§ **Requirement**
For each record that follows, restate the text exactly and drop the pictures.

(Data extracted from a collection)
┄┄┄┄┄┄

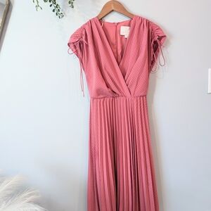 Gal Meets Glam Pink Pleated Wrap Midi Dress
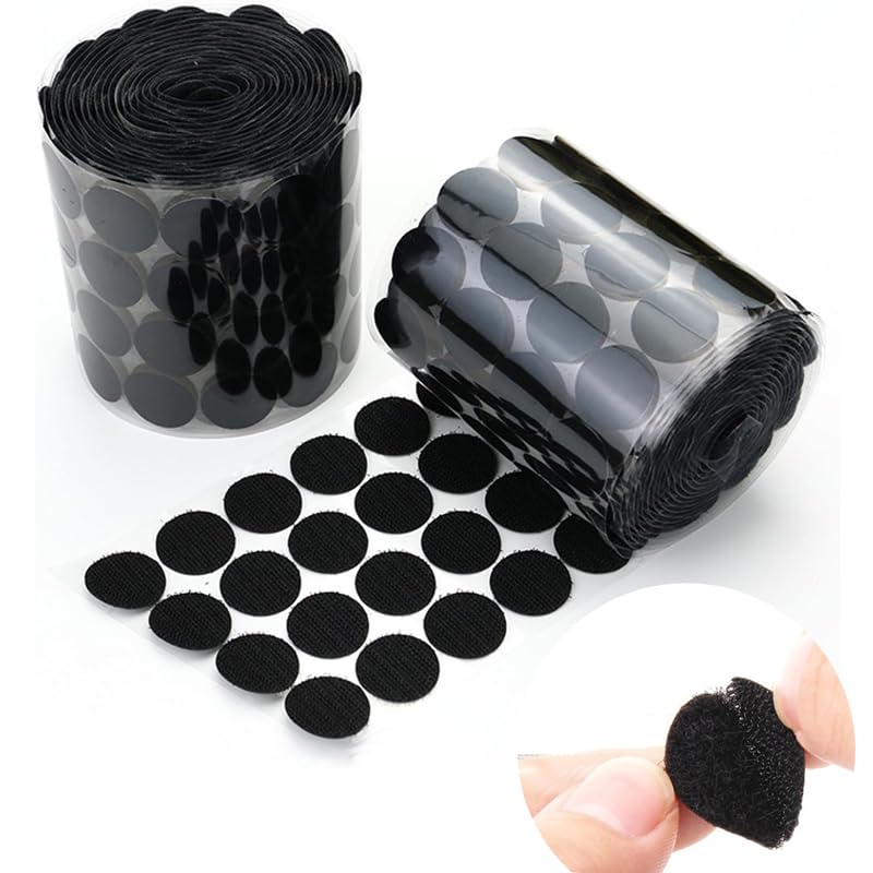 面ファスナー 丸型 強力 マジック付きテープ 両面テープ付き 粘着テープ 円形の直径 100組セット 粘着力強い両面テープ オス メス 強粘着裏糊付 超強力 粘着 耐熱 防水 業務用 DIY用 家庭用 (ブラック30mm(100pcs))
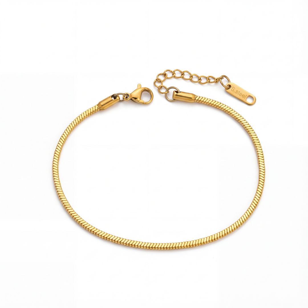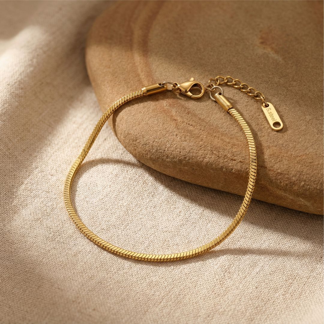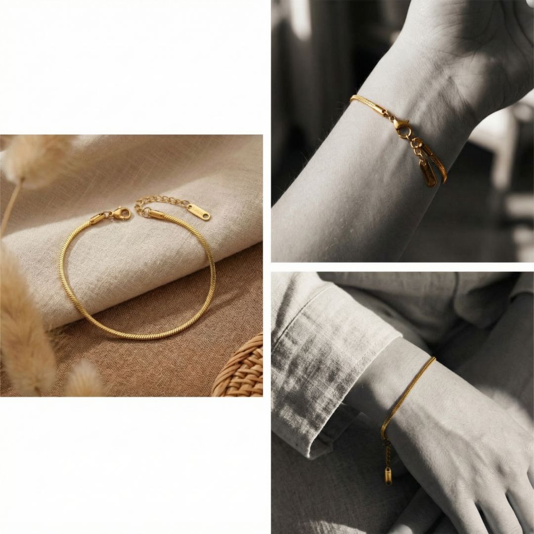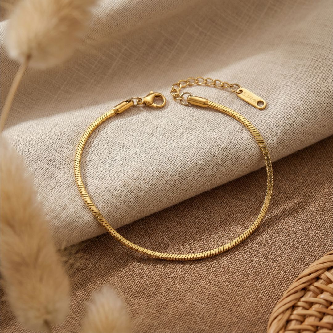 “Ein minimalistisches, edles Armband mit 18K-Goldfinish – perfekt, um jeden Look sofort eleganter und luxuriöser wirken zu lassen.“
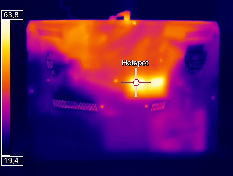 (-) Auf der Unterseite messen wir eine maximalen Wert von 50.8 °C (im Vergleich zum Durchschnitt von 43.3 °C).
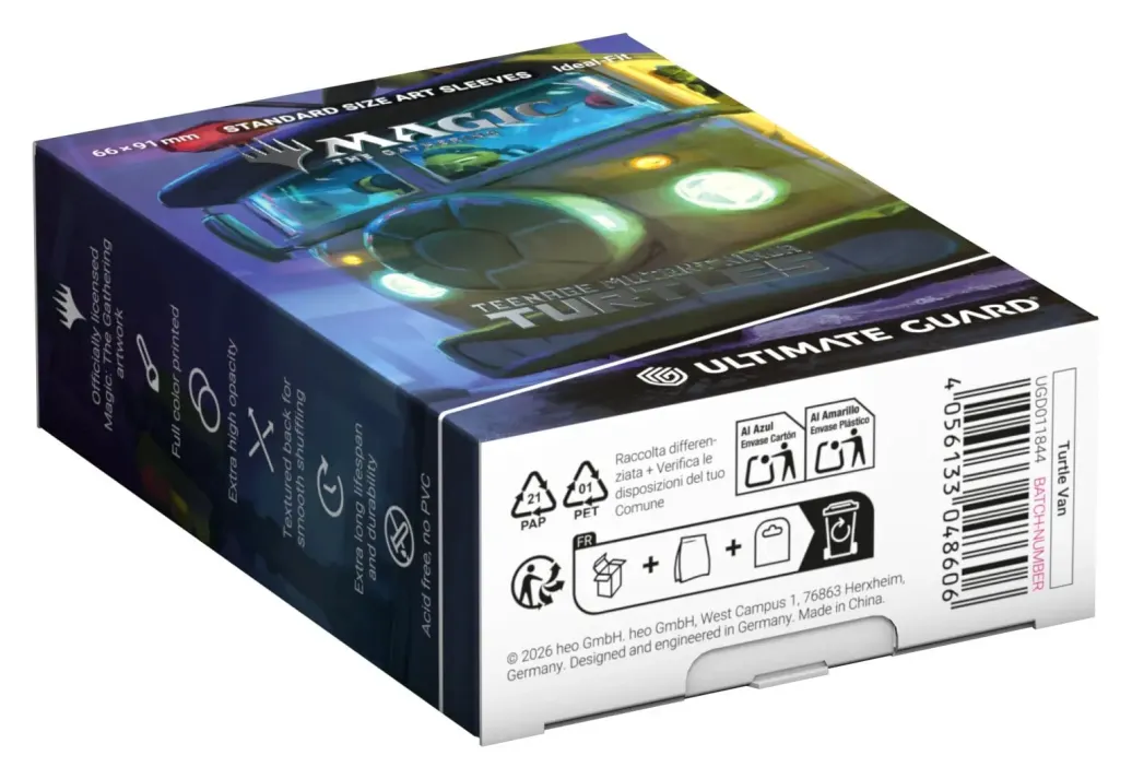 Ultimate Guard Art Sleeves sind Premium-MTG-Hüllen mit offiziell lizenzierten Artworks aus dem Magic: The Gathering | Teenage Mutant Ninja Turtles-Set . Die strukturierte Rückseite sorgt für ein hervorragendes Mischgefühl, während der farbintensive Aufdruck kratz- und abriebfest ist. Die extraklare Vorderseite garantiert perfekte Sicht auf die Karten, und die hochwertigen Materialien sorgen für eine besonders lange Lebensdauer der Hüllen.
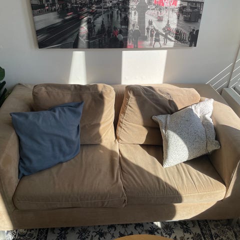 Sofa i ok dårlig stand der er nogle stropper i bunden der holder puderne, der er ved at være godt trætte. Men stadig totalt brugbar. Perfekt til et smækket øvelokale eller lignende. Også derfor den sælges billigt.
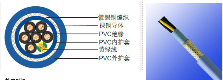 適用于干燥,潮濕的環(huán)境中,但不能在露天使用。在控制,測量和信號技術中,它們被用作屏蔽終端和連接線。銅絲編織屏蔽外界的干擾,如電磁場和雜散頻率。在工業(yè)廠房,機械和工作流程控制和檢查系統(tǒng)中用作信號和脈沖電纜。
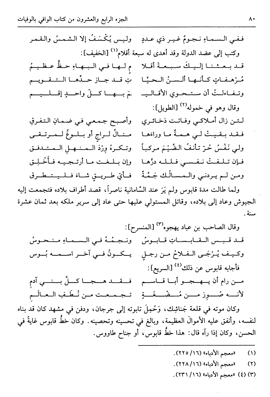 وَكَانَ خطّ قَابُوس غَايَة فِي الْحسن وَكَانَ إِذا رَآهُ قَالَ هَذَا خطّ قَابُوس أَو جنَاح طَاوُوس)
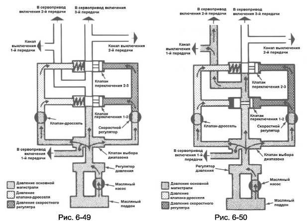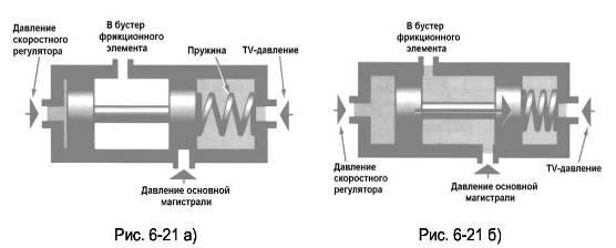 Одно из двух упомянутых положений клапана переключения определяется тремя факторами: давлением скоростного регулятора, давлением клапана-дросселя и жёсткостью пружины. На левый торец клапана действует сила пружины, и к этому же торцу подводится давление клапана-дросселя (TV-давление). К правому же торцу клапана подводится давление скоростного регулятора. При неподвижном автомобиле давление скоростного регулятора TV-давление, практически, равны нулю, поэтому клапан под действием пружины будет находиться в крайнем правом положении, разъединяя основную магистраль и канал подвода давления в гидропривод фрикционного элемента (рис.6-48а). После начала движения начинают формироваться давления скоростного регулятора и TV-давление. Причем, при неизменном положении педали управления дроссельной заслонкой, давление клапана-дросселя будет оставаться постоянным, а давление скоростного регулятора по мере увеличения скорости движения автомобиля будет увеличиваться. При определенной скорости давление скоростного регулятора достигнет величины, при которой сила, создаваемая им на правый торец клапана переключения, станет больше суммы силы пружины и TV-давления, которые действуют на левый торец клапана. В результате клапан переместится из крайнего правого положения в крайнее левое положение и соединит канал подвода давления в гидропривод фрикционного элемента с основной магистралью. Таким образом, происходит повышающее переключение.
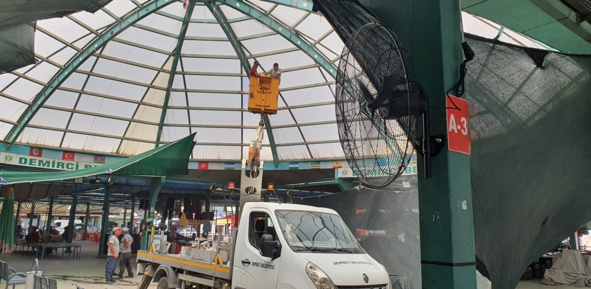 Demirci belediyesi pazar yerinde sıcakları önlemede bir ilke imza attı
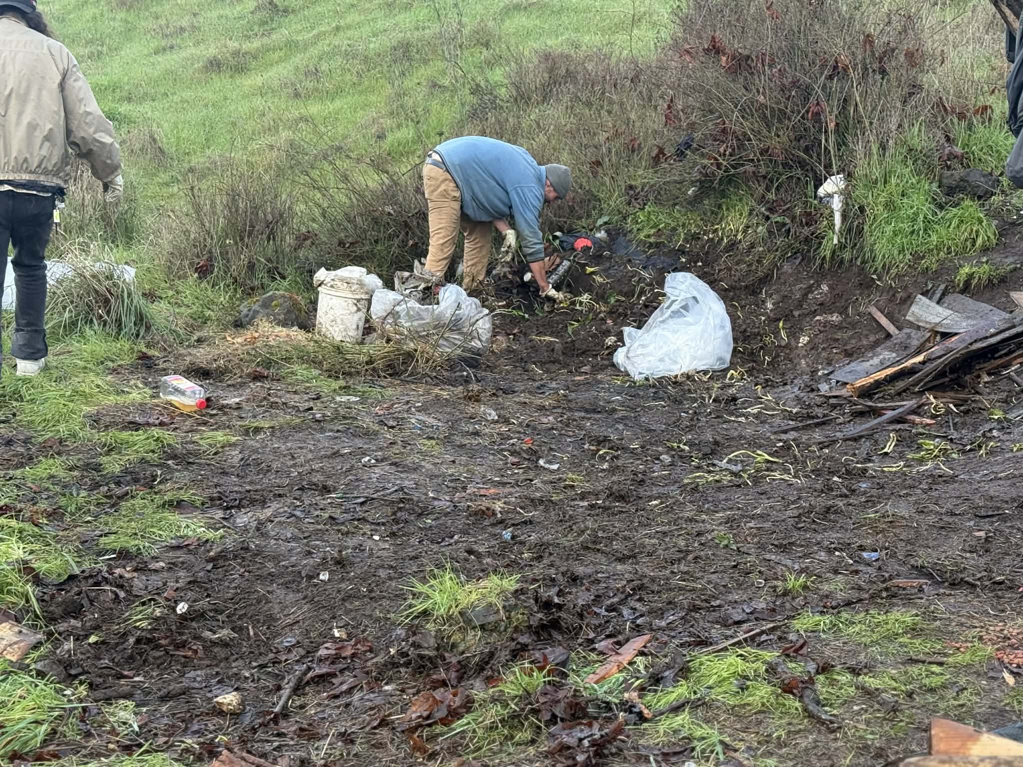 He said one section of the hillside contained debris deep enough to completely bury a cast-iron bathtub. Other areas included remnants of a former structure known locally as the “haunted house,” which Woodard said was destroyed years ago, reportedly after fires originating from camps below the hillside spread upward.

┄┄┄┄┄┄

§ **Task output**
 Gal Meets Glam Pink Pleated Wrap Midi Dress
 面ファスナー 丸型 強力 マジック付きテープ 両面テープ付き 粘着テープ 円形の直径 100組セット 粘着力強い両面テープ オス メス 強粘着裏糊付 超強力 粘着 耐熱 防水 業務用 DIY用 家庭用 (ブラック30mm(100pcs))
 “Ein minimalistisches, edles Armband mit 18K-Goldfinish – perfekt, um jeden Look sofort eleganter und luxuriöser wirken zu lassen.“
 (-) Auf der Unterseite messen wir eine maximalen Wert von 50.8 °C (im Vergleich zum Durchschnitt von 43.3 °C).
 Ultimate Guard Art Sleeves sind Premium-MTG-Hüllen mit offiziell lizenzierten Artworks aus dem Magic: The Gathering | Teenage Mutant Ninja Turtles-Set . Die strukturierte Rückseite sorgt für ein hervorragendes Mischgefühl, während der farbintensive Aufdruck kratz- und abriebfest ist. Die extraklare Vorderseite garantiert perfekte Sicht auf die Karten, und die hochwertigen Materialien sorgen für eine besonders lange Lebensdauer der Hüllen.
 Sofa i ok dårlig stand der er nogle stropper i bunden der holder puderne, der er ved at være godt trætte. Men stadig totalt brugbar. Perfekt til et smækket øvelokale eller lignende. Også derfor den sælges billigt.
 適用于干燥,潮濕的環(huán)境中,但不能在露天使用。在控制,測量和信號技術中,它們被用作屏蔽終端和連接線。銅絲編織屏蔽外界的干擾,如電磁場和雜散頻率。在工業(yè)廠房,機械和工作流程控制和檢查系統(tǒng)中用作信號和脈沖電纜。
 وَكَانَ خطّ قَابُوس غَايَة فِي الْحسن وَكَانَ إِذا رَآهُ قَالَ هَذَا خطّ قَابُوس أَو جنَاح طَاوُوس)
 Одно из двух упомянутых положений клапана переключения определяется тремя факторами: давлением скоростного регулятора, давлением клапана-дросселя и жёсткостью пружины. На левый торец клапана действует сила пружины, и к этому же торцу подводится давление клапана-дросселя (TV-давление). К правому же торцу клапана подводится давление скоростного регулятора. При неподвижном автомобиле давление скоростного регулятора TV-давление, практически, равны нулю, поэтому клапан под действием пружины будет находиться в крайнем правом положении, разъединяя основную магистраль и канал подвода давления в гидропривод фрикционного элемента (рис.6-48а). После начала движения начинают формироваться давления скоростного регулятора и TV-давление. Причем, при неизменном положении педали управления дроссельной заслонкой, давление клапана-дросселя будет оставаться постоянным, а давление скоростного регулятора по мере увеличения скорости движения автомобиля будет увеличиваться. При определенной скорости давление скоростного регулятора достигнет величины, при которой сила, создаваемая им на правый торец клапана переключения, станет больше суммы силы пружины и TV-давления, которые действуют на левый торец клапана. В результате клапан переместится из крайнего правого положения в крайнее левое положение и соединит канал подвода давления в гидропривод фрикционного элемента с основной магистралью. Таким образом, происходит повышающее переключение.
 Demirci belediyesi pazar yerinde sıcakları önlemede bir ilke imza attı
 He said one section of the hillside contained debris deep enough to completely bury a cast-iron bathtub. Other areas included remnants of a former structure known locally as the “haunted house,” which Woodard said was destroyed years ago, reportedly after fires originating from camps below the hillside spread upward.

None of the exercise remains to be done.